Given data.
################

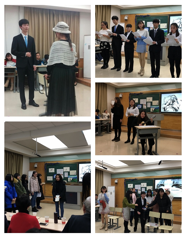 接下来的话剧表演《变色龙》仿佛把我们带到了那个广场上,员工们以丰富的肢体语言,惟妙惟肖的地还原了当时的事件,他们用实力获得了大家的阵阵掌声。大一同学虽然才刚刚接触俄语,但也积极参与到活动中来,他们每人一句用俄语朗诵作家的经典名句,现场师生为他们的热情纷纷点“赞”,报以热烈的掌声。大二同学带来的俄罗斯名曲《山楂树》深情动人,尤克里里的伴音曲调悠扬,歌曲词语意蕴延绵,令人倾倒。大三单永燕、何明珂等同学表演的小品《彩票》依据契诃夫同名作品改编而成,她们采用了新颖的表演形式,带领观众在“现实”与“想象”中穿梭。风趣的语言,滑稽的表演,引得现场笑声连连。各节目间还穿插有员工独唱,她们的嗓音优美,传递着来自俄罗斯文化的独特魅力。最后,话剧《三姐妹》为本次“契诃夫阅读日”活动画上了圆满的句号。
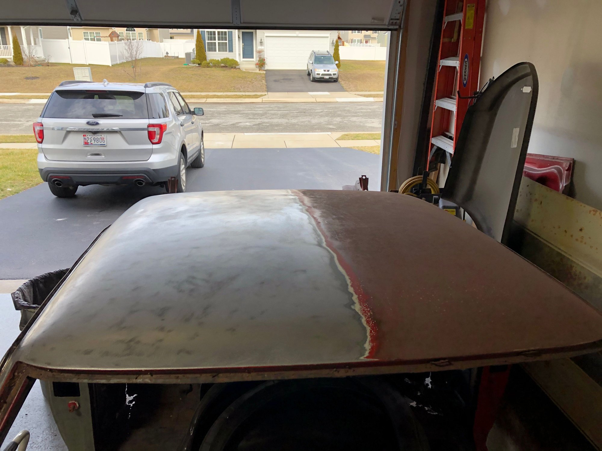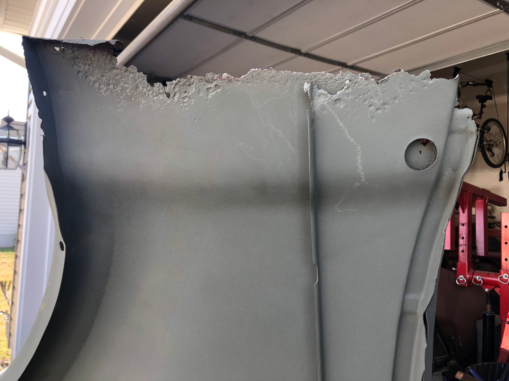 Getting things done with this nice warm weather we are having on the East coast!!! Slowly but surely it will get done. This has been 10 years in the making getting to work everyday on my dream!!!! Under that bondo was this monstrosity!!! Didn’t even fill the hole with metal. Just put bondo right over them. Front to rear view How far back the dent went from with they tried to fix the rot before I got the car. More sanding to get to bare metal, passenger roof today, did find two small dents but not deep or major. Primed and waiting for the other side to get done maybe tomorrow!!!
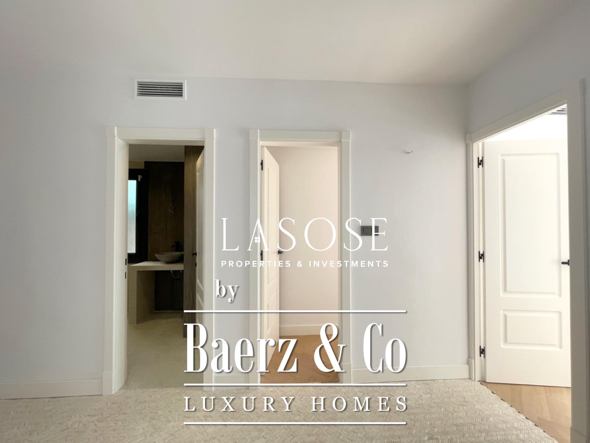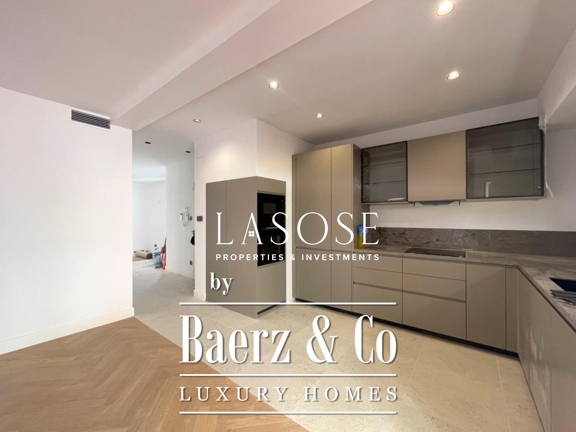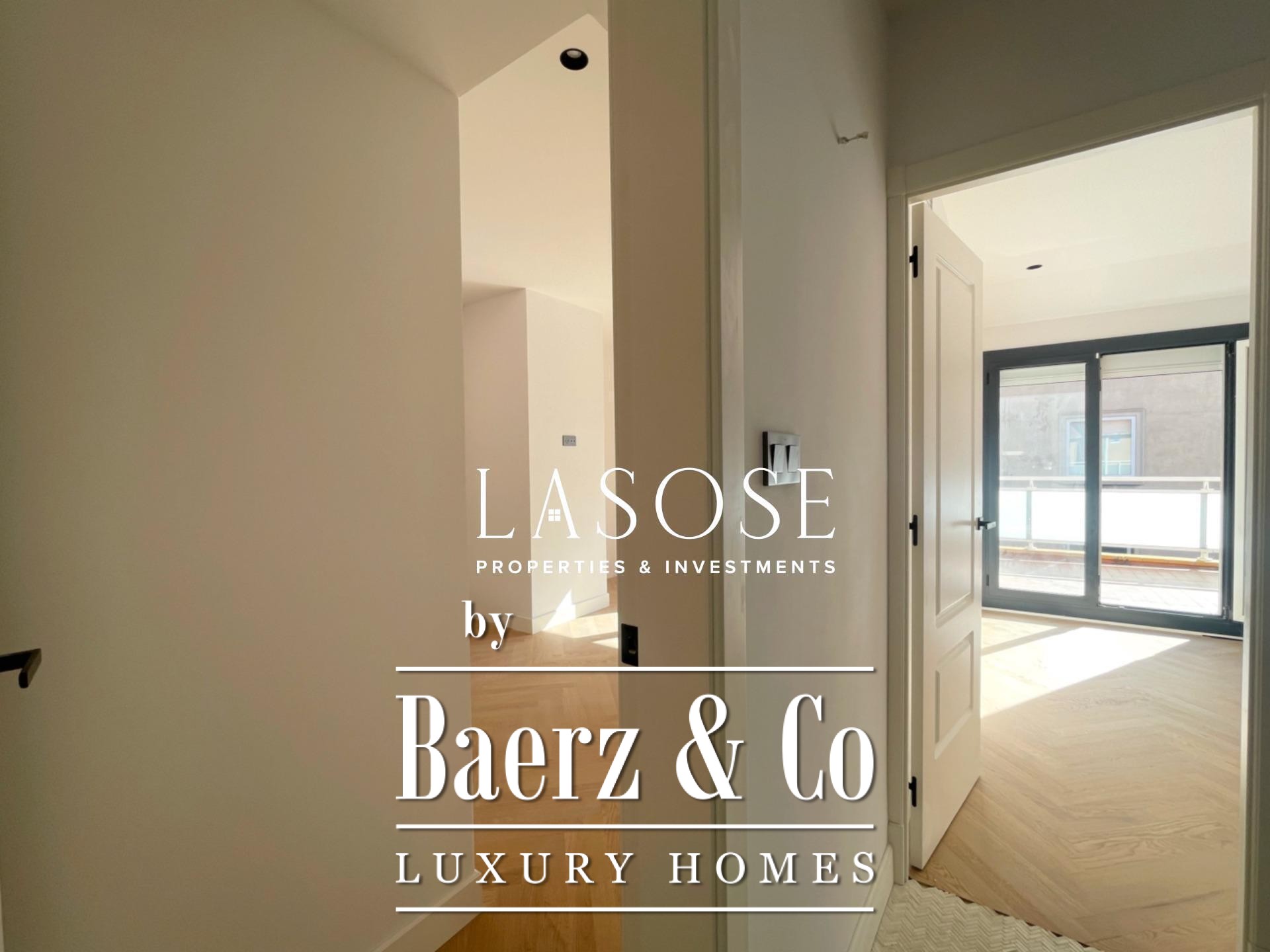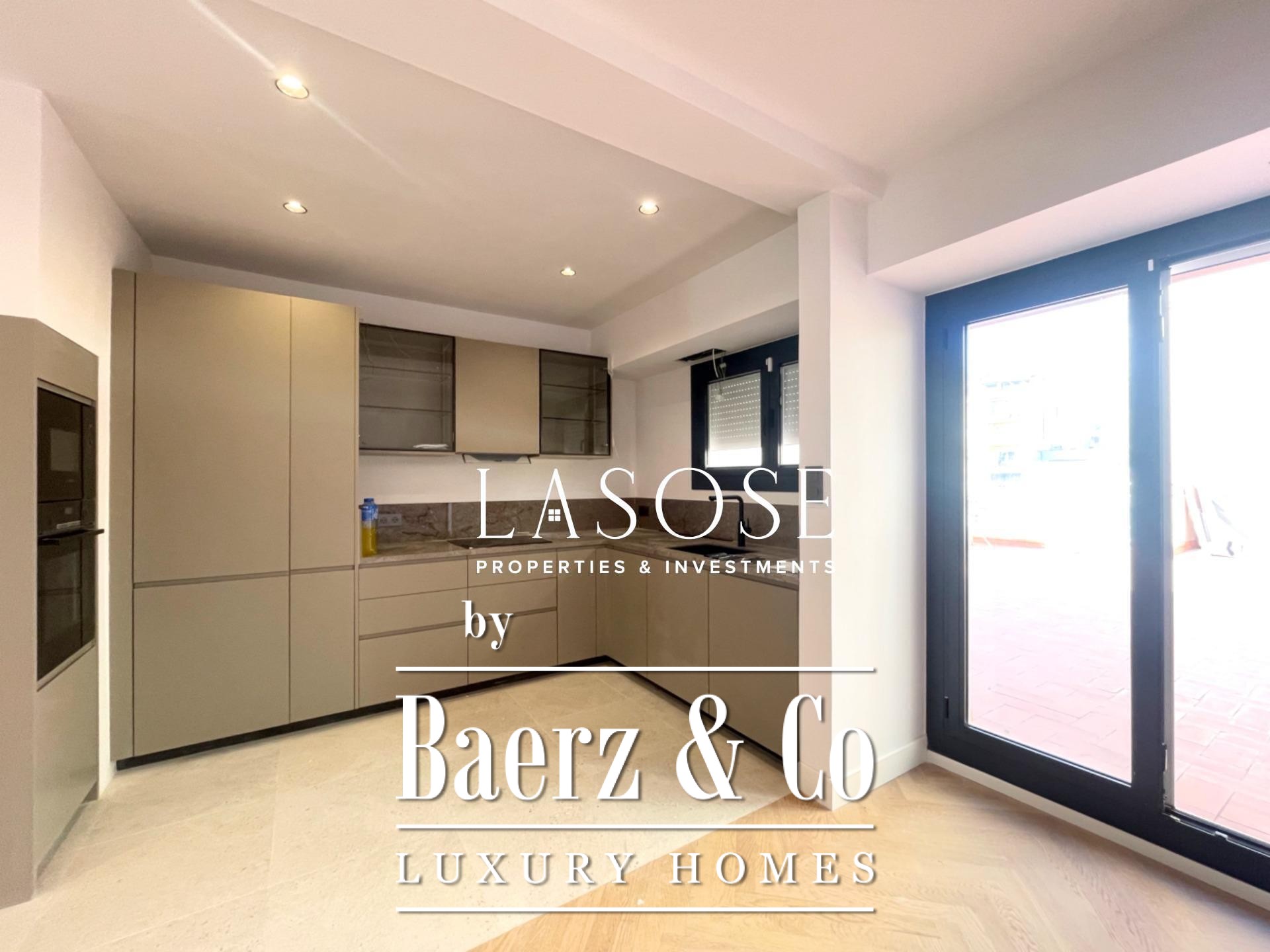 El recibidor da acceso a dos dormitorios dobles, incluyendo una amplia suite principal con un baño en suite de generosas dimensiones. Ambos dormitorios ofrecen acceso directo a la terraza bañada por el sol, lo que aporta luz natural y una agradable sensación de privacidad. La zona de día abarca una moderna cocina office y un comedor, ambos orientados hacia la gran terraza que constituye el corazón de la vivienda.
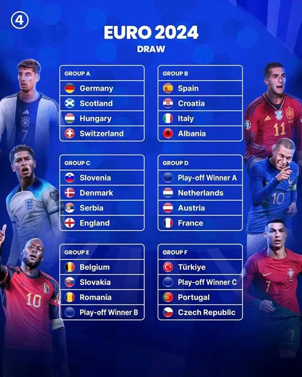 2024欧洲杯完整赛程:揭幕战德国VS苏格兰 7月14日决赛
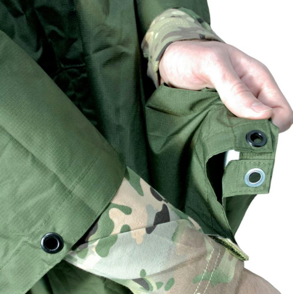 Внутри имеет специальную проклейку швов и резиновый слой на самой ткани. Изделие надежно защищает не только тело бойца, а и его экипировку и снаряжение, в частности оружие, рюкзак и пр. Благодаря широкому крою абсолютно не сковывает движений, обеспечивает быстрый переход в позицию ведения огня.
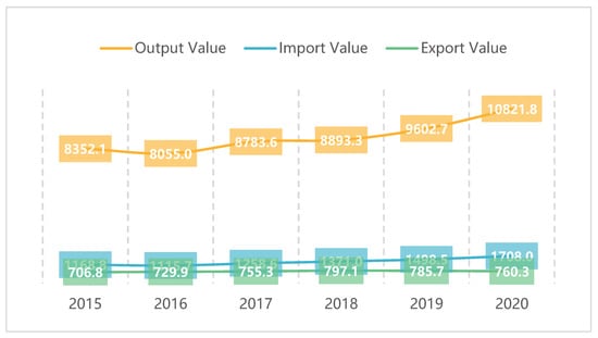 Many countries in the world have announced several relief plans to reduce the impact of the pandemic on agri-food enterprises [12,13]. However, many government relief policies are not enough to completely make up for the loss of agri-food product sales caused by the COVID-19 pandemic [14]. Understanding the specific impact of the pandemic on agri-food product sales and the revenue of agri-food enterprises, and how to minimize the impact has become a top priority. Figure 1 shows the output value, import value and export value of China’s agri-food products from 2015 to 2020. Taking 2020 as an example, the National Bureau of Statistics of China [15] reported that the output value of China’s agri-food products in 2020 was USD 1082.18 billion. According to statistics from the Department of International Cooperation of the Ministry of Agriculture [16], the total export value of agri-food products was USD 76.03 billion, and the total import value of agri-food products was USD 178.0 billion. It can be seen from Figure 1 that in recent years, the Chinese population’s consumption of agricultural products has shown an increasing trend year by year, from USD 881.41 billion in 2015 to USD 1176.95 billion in 2020, an increase of 33.53% in six years. Given the importance of agri-food products, we use the translog model to study how the pandemic affects agri-food product sales from the perspective of corporate financial statements. Furthermore, we propose policy options to assist the recovery of agricultural food sales from the effects caused by COVID-19. The demand is today overwhelmingly urgent. Our research found that the COVID-19 pandemic has reduced the sales of agri-food products, and moreover that the sales of agri-food products by large agricultural companies have fallen more than those of small and medium-sized ones.
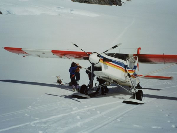 Our plane landed on the névé below Kelman Hut, at an altitude of about 2,400 metres / 7,900 feet above sea-level.
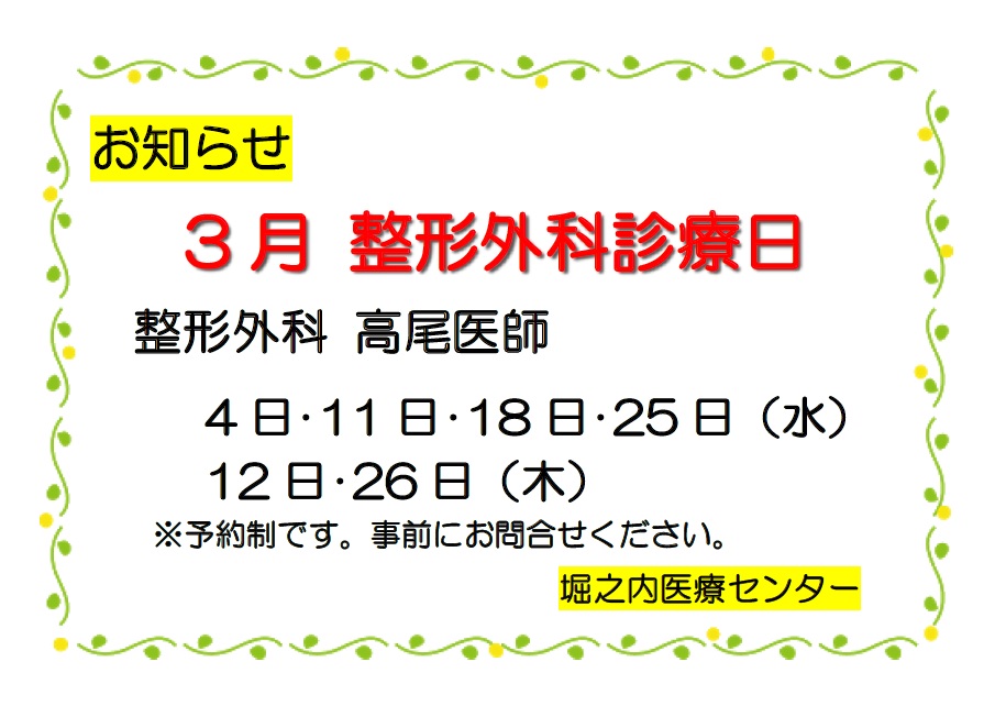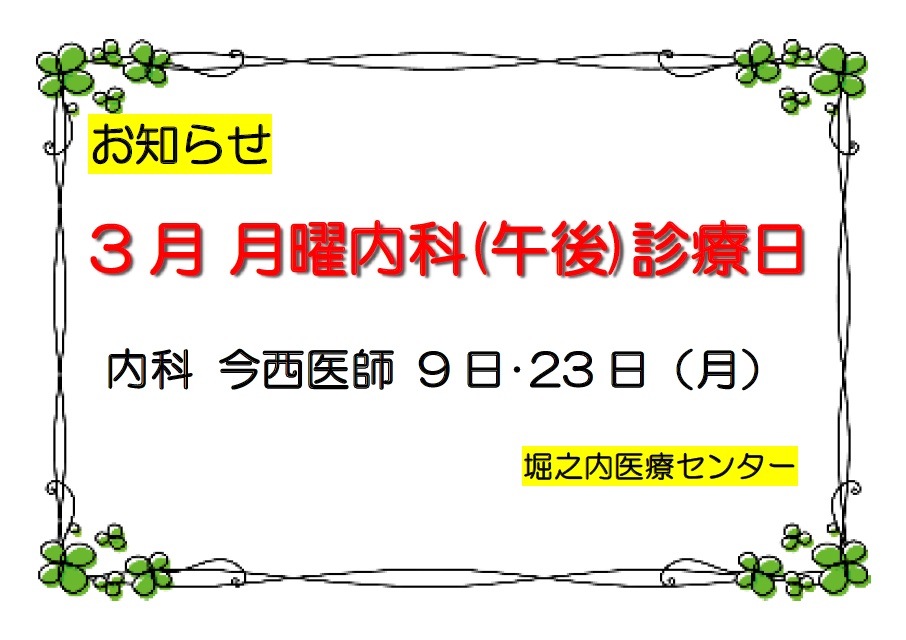 【堀之内医療センター】3月の診療体制について
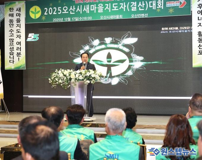원스텝뉴스 천규영 기자 | 오산시새마을회는 지난 17일 오산컨벤션웨딩홀에서 이권재 오산시장과 이상복 오산시의회 의장을 비롯한 내빈, 새마을 가족 200여 명이 참석한 가운데 ‘2025 새마을지도자 결산대회’를 개최했다고 밝혔다.

################

Assignment. Every line above is to be duplicated exactly; no picture should be carried over.

Written answer.
 接下来的话剧表演《变色龙》仿佛把我们带到了那个广场上,员工们以丰富的肢体语言,惟妙惟肖的地还原了当时的事件,他们用实力获得了大家的阵阵掌声。大一同学虽然才刚刚接触俄语,但也积极参与到活动中来,他们每人一句用俄语朗诵作家的经典名句,现场师生为他们的热情纷纷点“赞”,报以热烈的掌声。大二同学带来的俄罗斯名曲《山楂树》深情动人,尤克里里的伴音曲调悠扬,歌曲词语意蕴延绵,令人倾倒。大三单永燕、何明珂等同学表演的小品《彩票》依据契诃夫同名作品改编而成,她们采用了新颖的表演形式,带领观众在“现实”与“想象”中穿梭。风趣的语言,滑稽的表演,引得现场笑声连连。各节目间还穿插有员工独唱,她们的嗓音优美,传递着来自俄罗斯文化的独特魅力。最后,话剧《三姐妹》为本次“契诃夫阅读日”活动画上了圆满的句号。
 Getting things done with this nice warm weather we are having on the East coast!!! Slowly but surely it will get done. This has been 10 years in the making getting to work everyday on my dream!!!! Under that bondo was this monstrosity!!! Didn’t even fill the hole with metal. Just put bondo right over them. Front to rear view How far back the dent went from with they tried to fix the rot before I got the car. More sanding to get to bare metal, passenger roof today, did find two small dents but not deep or major. Primed and waiting for the other side to get done maybe tomorrow!!!
 El recibidor da acceso a dos dormitorios dobles, incluyendo una amplia suite principal con un baño en suite de generosas dimensiones. Ambos dormitorios ofrecen acceso directo a la terraza bañada por el sol, lo que aporta luz natural y una agradable sensación de privacidad. La zona de día abarca una moderna cocina office y un comedor, ambos orientados hacia la gran terraza que constituye el corazón de la vivienda.
 2024欧洲杯完整赛程:揭幕战德国VS苏格兰 7月14日决赛
 Внутри имеет специальную проклейку швов и резиновый слой на самой ткани. Изделие надежно защищает не только тело бойца, а и его экипировку и снаряжение, в частности оружие, рюкзак и пр. Благодаря широкому крою абсолютно не сковывает движений, обеспечивает быстрый переход в позицию ведения огня.
 Many countries in the world have announced several relief plans to reduce the impact of the pandemic on agri-food enterprises [12,13]. However, many government relief policies are not enough to completely make up for the loss of agri-food product sales caused by the COVID-19 pandemic [14]. Understanding the specific impact of the pandemic on agri-food product sales and the revenue of agri-food enterprises, and how to minimize the impact has become a top priority. Figure 1 shows the output value, import value and export value of China’s agri-food products from 2015 to 2020. Taking 2020 as an example, the National Bureau of Statistics of China [15] reported that the output value of China’s agri-food products in 2020 was USD 1082.18 billion. According to statistics from the Department of International Cooperation of the Ministry of Agriculture [16], the total export value of agri-food products was USD 76.03 billion, and the total import value of agri-food products was USD 178.0 billion. It can be seen from Figure 1 that in recent years, the Chinese population’s consumption of agricultural products has shown an increasing trend year by year, from USD 881.41 billion in 2015 to USD 1176.95 billion in 2020, an increase of 33.53% in six years. Given the importance of agri-food products, we use the translog model to study how the pandemic affects agri-food product sales from the perspective of corporate financial statements. Furthermore, we propose policy options to assist the recovery of agricultural food sales from the effects caused by COVID-19. The demand is today overwhelmingly urgent. Our research found that the COVID-19 pandemic has reduced the sales of agri-food products, and moreover that the sales of agri-food products by large agricultural companies have fallen more than those of small and medium-sized ones.
 Our plane landed on the névé below Kelman Hut, at an altitude of about 2,400 metres / 7,900 feet above sea-level.
 【堀之内医療センター】3月の診療体制について
원스텝뉴스 천규영 기자 | 오산시새마을회는 지난 17일 오산컨벤션웨딩홀에서 이권재 오산시장과 이상복 오산시의회 의장을 비롯한 내빈, 새마을 가족 200여 명이 참석한 가운데 ‘2025 새마을지도자 결산대회’를 개최했다고 밝혔다.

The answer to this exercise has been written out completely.